Mecistocephalus nigriceps

Scientific classification
- Kingdom: Animalia
- Phylum: Arthropoda
- Subphylum: Myriapoda
- Class: Chilopoda
- Order: Geophilomorpha
- Family: Mecistocephalidae
- Genus: Mecistocephalus
- Species: M. nigriceps
- Binomial name: Mecistocephalus nigriceps Chamberlin, 1920

= Mecistocephalus nigriceps =

- Genus: Mecistocephalus
- Species: nigriceps
- Authority: Chamberlin, 1920

Species of centipede

Mecistocephalus nigriceps is a species of soil centipede in the family Mecistocephalidae. This centipede is found in Fiji and Solomon Islands. This species features 49 pairs of legs and can reach 45 mm in length.

== Discovery ==
This species was first described in 1920 by the American myriapodologist Ralph Vary Chamberlin. He based the original description of this species on a holotype and 17 paratypes found by the American zoologist William M. Mann. The holotype was found in the district of Nadarivatu in Fiji, whereas the paratypes were found at this type locality as well as many other sites. The holotype and paratypes are deposited in the Museum of Comparative Zoology at Harvard University.

==Description==
This species features 49 leg pairs and can reach 45 mm in length. The dorsal surface of the body is mostly brownish with darker bands at the posterior border of a typical tergite. The head, antennae, forcipules, and anterior tergites are generally black. The head is 1.88 times as long as wide. The head is widest at the anterior margin and narrows toward a truncated posterior end. A frontal line is evident on the dorsal surface of the head. The posterior margins of the side pieces of the labrum are smooth. The mandible features nine lamellae with teeth all the way to the base, where the teeth are smaller than at the distal end. The first lamella features only five teeth.

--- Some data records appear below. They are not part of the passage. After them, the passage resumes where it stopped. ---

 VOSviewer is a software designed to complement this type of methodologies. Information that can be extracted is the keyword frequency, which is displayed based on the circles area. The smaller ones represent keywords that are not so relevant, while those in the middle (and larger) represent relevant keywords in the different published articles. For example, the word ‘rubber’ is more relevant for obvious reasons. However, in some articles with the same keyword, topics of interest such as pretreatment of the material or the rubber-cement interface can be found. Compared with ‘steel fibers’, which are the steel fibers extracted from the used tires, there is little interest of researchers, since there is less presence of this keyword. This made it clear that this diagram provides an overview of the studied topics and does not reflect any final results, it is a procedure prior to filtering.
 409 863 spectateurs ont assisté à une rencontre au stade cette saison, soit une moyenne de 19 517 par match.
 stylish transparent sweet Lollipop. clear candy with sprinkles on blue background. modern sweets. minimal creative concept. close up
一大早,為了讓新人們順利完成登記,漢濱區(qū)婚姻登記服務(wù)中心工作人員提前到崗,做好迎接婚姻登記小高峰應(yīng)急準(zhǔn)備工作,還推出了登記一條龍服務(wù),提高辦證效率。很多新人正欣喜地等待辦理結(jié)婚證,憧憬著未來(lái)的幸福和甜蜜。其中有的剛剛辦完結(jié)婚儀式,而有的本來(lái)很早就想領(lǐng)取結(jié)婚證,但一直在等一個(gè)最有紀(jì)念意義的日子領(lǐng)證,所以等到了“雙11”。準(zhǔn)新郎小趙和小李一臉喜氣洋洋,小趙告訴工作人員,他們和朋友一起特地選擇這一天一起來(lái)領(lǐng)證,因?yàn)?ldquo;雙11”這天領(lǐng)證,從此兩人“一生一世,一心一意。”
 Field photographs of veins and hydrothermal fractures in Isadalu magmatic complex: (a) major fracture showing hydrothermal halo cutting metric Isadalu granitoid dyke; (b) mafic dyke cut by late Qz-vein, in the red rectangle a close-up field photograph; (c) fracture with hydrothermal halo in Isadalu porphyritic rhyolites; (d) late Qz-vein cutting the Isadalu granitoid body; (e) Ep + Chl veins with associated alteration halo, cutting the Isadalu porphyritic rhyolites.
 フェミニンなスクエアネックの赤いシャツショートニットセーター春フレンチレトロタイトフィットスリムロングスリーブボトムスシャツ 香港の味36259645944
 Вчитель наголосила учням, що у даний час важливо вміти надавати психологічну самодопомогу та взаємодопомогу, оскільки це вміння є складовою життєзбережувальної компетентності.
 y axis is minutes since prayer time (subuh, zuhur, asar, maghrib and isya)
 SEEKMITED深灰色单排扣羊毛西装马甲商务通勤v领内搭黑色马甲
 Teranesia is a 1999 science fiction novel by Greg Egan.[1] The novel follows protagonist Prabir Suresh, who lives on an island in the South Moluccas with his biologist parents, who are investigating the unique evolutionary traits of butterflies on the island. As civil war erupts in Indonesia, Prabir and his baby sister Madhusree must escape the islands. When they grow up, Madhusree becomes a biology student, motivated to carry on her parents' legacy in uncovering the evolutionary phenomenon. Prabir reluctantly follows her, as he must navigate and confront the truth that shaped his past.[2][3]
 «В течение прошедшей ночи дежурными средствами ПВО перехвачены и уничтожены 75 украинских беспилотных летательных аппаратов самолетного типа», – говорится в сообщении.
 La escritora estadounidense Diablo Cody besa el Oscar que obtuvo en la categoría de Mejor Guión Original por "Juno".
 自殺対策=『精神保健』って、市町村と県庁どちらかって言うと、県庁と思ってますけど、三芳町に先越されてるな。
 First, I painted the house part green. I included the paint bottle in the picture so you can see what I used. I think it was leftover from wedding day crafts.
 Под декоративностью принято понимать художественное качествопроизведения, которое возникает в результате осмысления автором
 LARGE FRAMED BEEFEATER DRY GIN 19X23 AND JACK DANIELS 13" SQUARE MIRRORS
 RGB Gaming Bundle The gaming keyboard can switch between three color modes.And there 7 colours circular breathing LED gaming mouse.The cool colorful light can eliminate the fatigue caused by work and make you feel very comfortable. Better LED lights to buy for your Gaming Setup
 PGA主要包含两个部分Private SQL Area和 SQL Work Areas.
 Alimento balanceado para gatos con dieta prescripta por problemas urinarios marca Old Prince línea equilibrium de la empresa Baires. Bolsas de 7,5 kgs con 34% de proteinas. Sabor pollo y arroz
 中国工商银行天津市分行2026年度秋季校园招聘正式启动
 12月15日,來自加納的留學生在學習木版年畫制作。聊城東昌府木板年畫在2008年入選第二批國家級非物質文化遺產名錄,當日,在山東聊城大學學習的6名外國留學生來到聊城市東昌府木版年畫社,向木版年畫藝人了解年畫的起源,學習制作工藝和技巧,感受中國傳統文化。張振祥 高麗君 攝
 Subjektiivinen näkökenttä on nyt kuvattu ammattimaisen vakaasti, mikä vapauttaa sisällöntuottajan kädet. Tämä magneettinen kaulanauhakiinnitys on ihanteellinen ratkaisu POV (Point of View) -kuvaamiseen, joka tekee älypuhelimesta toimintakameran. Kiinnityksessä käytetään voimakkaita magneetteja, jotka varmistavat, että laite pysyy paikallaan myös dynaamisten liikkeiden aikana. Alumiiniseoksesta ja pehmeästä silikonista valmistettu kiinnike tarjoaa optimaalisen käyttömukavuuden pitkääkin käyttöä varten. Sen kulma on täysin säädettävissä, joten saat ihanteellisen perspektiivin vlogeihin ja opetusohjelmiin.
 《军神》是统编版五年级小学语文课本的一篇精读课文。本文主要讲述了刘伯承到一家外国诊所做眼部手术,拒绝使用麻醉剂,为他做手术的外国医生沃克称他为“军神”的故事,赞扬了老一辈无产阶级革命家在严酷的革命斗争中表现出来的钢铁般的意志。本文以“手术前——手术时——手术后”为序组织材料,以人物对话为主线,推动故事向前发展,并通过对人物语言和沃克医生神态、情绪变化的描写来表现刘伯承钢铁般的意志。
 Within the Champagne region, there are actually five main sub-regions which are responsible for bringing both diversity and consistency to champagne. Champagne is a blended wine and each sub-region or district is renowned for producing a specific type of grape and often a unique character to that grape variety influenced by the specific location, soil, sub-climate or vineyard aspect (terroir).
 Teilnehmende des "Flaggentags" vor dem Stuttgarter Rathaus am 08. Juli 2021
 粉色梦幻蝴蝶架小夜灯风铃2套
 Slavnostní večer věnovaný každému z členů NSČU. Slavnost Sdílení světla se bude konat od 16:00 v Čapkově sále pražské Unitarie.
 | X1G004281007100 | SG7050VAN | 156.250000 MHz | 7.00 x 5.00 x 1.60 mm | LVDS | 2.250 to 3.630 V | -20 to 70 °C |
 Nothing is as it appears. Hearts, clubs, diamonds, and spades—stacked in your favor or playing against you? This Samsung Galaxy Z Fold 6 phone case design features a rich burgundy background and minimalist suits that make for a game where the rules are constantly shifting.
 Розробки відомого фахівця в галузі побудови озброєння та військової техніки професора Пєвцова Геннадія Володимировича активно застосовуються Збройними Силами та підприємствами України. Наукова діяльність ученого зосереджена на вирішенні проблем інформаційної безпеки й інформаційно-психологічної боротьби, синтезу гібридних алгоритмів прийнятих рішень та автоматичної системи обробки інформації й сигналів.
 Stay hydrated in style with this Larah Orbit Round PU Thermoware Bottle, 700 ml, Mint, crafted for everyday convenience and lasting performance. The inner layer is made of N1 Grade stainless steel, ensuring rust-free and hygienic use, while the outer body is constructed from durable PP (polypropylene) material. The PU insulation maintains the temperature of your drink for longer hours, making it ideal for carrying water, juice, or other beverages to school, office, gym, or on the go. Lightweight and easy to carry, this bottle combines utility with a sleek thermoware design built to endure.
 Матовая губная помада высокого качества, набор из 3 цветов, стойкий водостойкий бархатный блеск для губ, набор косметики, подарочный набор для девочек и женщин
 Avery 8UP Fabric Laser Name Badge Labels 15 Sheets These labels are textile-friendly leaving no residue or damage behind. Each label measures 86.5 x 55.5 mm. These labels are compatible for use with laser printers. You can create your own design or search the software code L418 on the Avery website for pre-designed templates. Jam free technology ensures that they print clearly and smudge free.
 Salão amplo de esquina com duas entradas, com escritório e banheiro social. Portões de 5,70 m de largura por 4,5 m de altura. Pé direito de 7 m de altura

The first article of the forcipule features not only a distal tooth that is long, stout, blunt, and black, but also a proximal tooth that is smaller. The second and third articles of the forcipule feature nodules or teeth that are blunt, rounded, and black. The base of the ultimate article features a tooth that is shaped like a small cone. The ventral surface features a deep longitudinal groove in the middle of the posterior two-thirds of each sternite. This groove forks into two faint branches. The telson features distinct anal pores.

==Distribution==
This centipede is found not only in Fiji but also Solomon Islands. In Fiji, this species has been recorded not only at the type locality (Nadarivatu) but also elsewhere, including Lakeba Lau, Labasa, Somosomo, Lomati, Nansori, Waiyanitu, Vanua Ava, Vunisia, Suva, Turuca, Nasago, Kabasa Lau, Nadala, Nasoqo, and Lasema. In Solomon Islands, this species has been recorded in Auki, Pamua, and Fulakora, and the Nggela Islands.